Visual Instruction Tuning

Instruction tuning: Training script with DeepSpeed ZeRO-3 and lora: finetune_lora_clu_sq.sh.

  • --mm_projector_type cluster: the prototype extractor & a two-layer MLP vision-language connector.
  • --mm_projector_type mlp2x_gelu: a two-layer MLP vision-language connector.
  • --vision_tower openai/clip-vit-large-patch14-336: CLIP ViT-L/14 336px.
  • --image_aspect_ratio pad: this pads the non-square images to square, instead of cropping them; it slightly reduces hallucination.
  • --group_by_modality_length True: this should only be used when your instruction tuning dataset contains both language (e.g. ShareGPT) and multimodal (e.g. LLaVA-Instruct). It makes the training sampler only sample a single modality (either image or language) during training, which we observe to speed up training by ~25%, and does not affect the final outcome.
  • --version v1_sq: training for visual self-questioning.
  • --vit_lora_enable: optimize vision encoder using vit lora.

Evaluation

Prepare data Please download raw images of datasets (COCO, Flickr, nocaps, conceptual) for image captioning tasks.

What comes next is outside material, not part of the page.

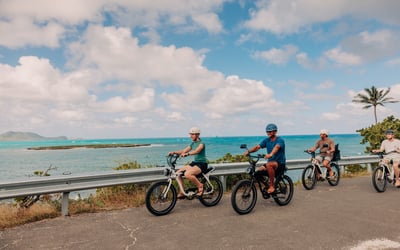 Ride an e-bike to Kailua Beach and follow a guide on a beginner-friendly paddle to Popoia (Flat) Island. Snorkel, spot sea turtles and monk seals, and enjoy snacks and water on a relaxed island outing.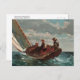 Um cartão-postal de belas artes com a pintura de Winslow Homer, artista norte-americano (1876) do movimento realismo Breezing (1873-1876), também conhecido como Fair Wind. Um grupo de garotos num veleiro no oceano chamado Gloucester, deixando vento nas velas.

  1. Evaluate models on image captioning. See captioning.sh on 4 datasets.
  2. Evaluate models on a diverse set of 12 benchmarks. To ensure the reproducibility, we evaluate the models with greedy decoding. We do not evaluate using beam search to make the inference process consistent with the chat demo of real-time outputs.

See Evaluation.md.

Citation

If you find this code to be useful for your research, please consider citing.

@inproceedings{sun2024sq,
  title={SQ-LLaVA: Self-Questioning for Large Vision-Language Assistant},
  author={Sun, Guohao and Qin, Can and Wang, Jiamian and Chen, Zeyuan and Xu, Ran and Tao, Zhiqiang},
  year = {2024},
  booktitle = {ECCV},
}

Acknowledgement

  • LLaVA: the codebase we built upon.